Quality Magazine

Manufacturing Output Grows

March 1, 2007

WASHINGTON, D.C.-Driven by a 0.7% jump in manufacturing output, the Federal Reserve reported that overall industrial production rose 0.4% in December 2006. “After three consecutive monthly declines, this upturn is a hopeful indication that the recent slowdown in industrial activity may be coming to an end,” says David Huether, chief economist for the National Association of Manufacturers.

“For manufacturing, which accounts for more than three-quarters of industrial output, the 0.7% surge in activity was the strongest gain in six months,” Huether says. “It was driven by solid increases in computers and electronic products, machinery, aircraft and motor vehicles, as well as a number of nondurable products such as apparel and petroleum and coal.”

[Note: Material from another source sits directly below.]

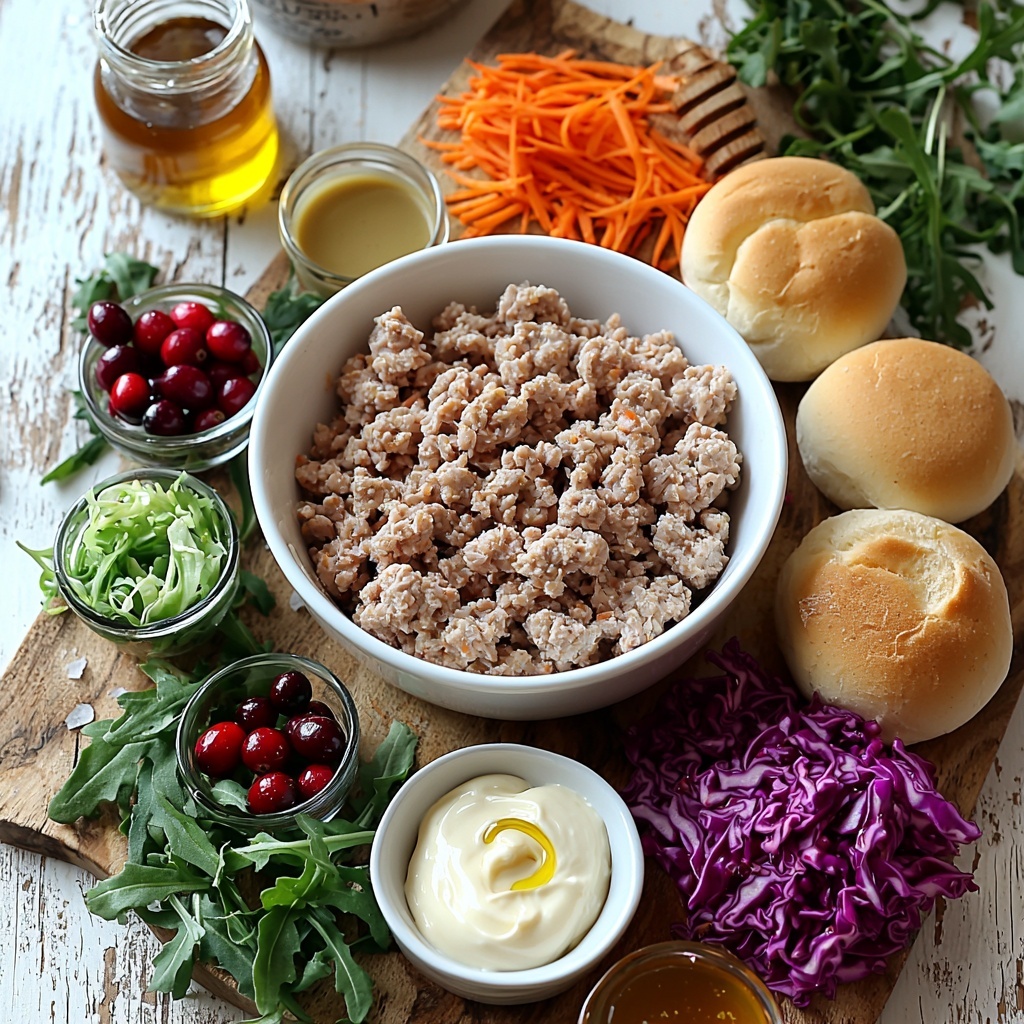 These ingredients are straightforward but essential, each adding a special touch that builds layers of flavor, texture, and color in the Turkey Sliders with Cranberry Slaw Recipe. From the lean ground turkey that keeps the sliders juicy, to the crisp cabbage and tart cranberries that brighten the slaw, every component plays a starring role.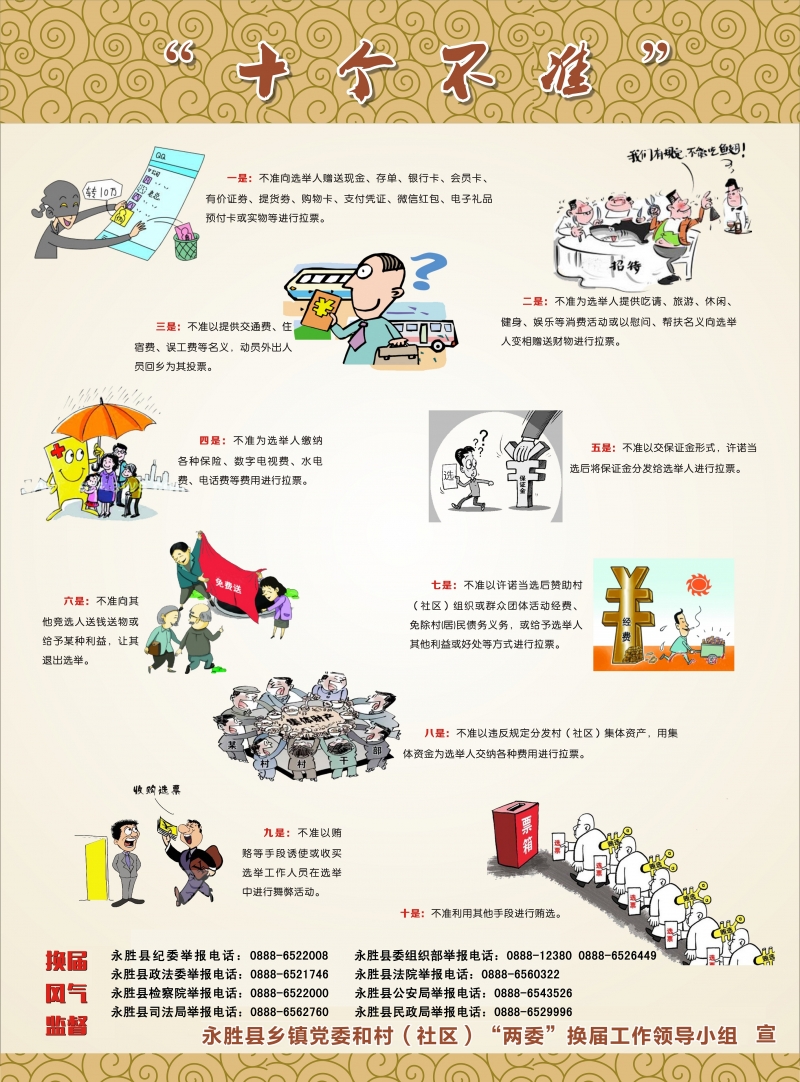 在今年黨委換屆工作中,為加大對換屆工作紀律和政策的宣傳,永勝縣創新宣傳工作方式,采用漫畫的形式,形象地描繪解釋了中央“九個嚴禁、九個一律”、“十個不準”和云南省委“不能確定為村(社區)和村(居)民小組干部候選人的十五種情況”等換屆工作紀律和政策規定,并制作印刷成精美的掛圖20000冊發放到全縣15個鄉(鎮)149個村(居)委會1433個村民小組,以及75個縣直部門,廣泛宣傳換屆工作紀律和政策,同時,在掛圖中還公布了縣紀委、縣委組織部、縣委政法委、縣公安局、縣法院、縣檢察院、縣司法局、縣民政局等八部門換屆紀律監督舉報電話。廣大農村群眾和基層干部紛紛反映,通過用漫畫的形式宣傳解釋紀律、政策的方式新穎,大家愿意看,內容更直觀,易懂易記,宣傳效果十分明顯。(張忠輝)

Throughout 2006, manufacturing production increased by 3.7%. And with overall GDP growth expected to come in at 3.1% in 2006, manufacturing has, for the first time since the late 1990s, outpaced the overall economy for three consecutive years.

“Robust growth in both exports and business investments is the principal reason manufacturing outpaced the general recovery again last year,” Huether says. “This is evident by double-digit growth in both aircraft and electronics production last year as well as strong growth in machinery production.”

At the same time, 2006 was not a banner year for all manufacturers. “For sectors closely aligned with housing, such as wood products, furniture and nonmetallic minerals, production declined by nearly 6%,” Huether says. “Likewise, after significant increases between 2002 and 2004, a second- consecutive decline in car sales caused a contraction in motor vehicle production last year.

“With business investment moderating in 2007 and the housing downturn likely to come to an end by mid-year, the manufacturing expansion will grow more-in line with the general economy, or at about 3%, for the coming year,” Huether adds.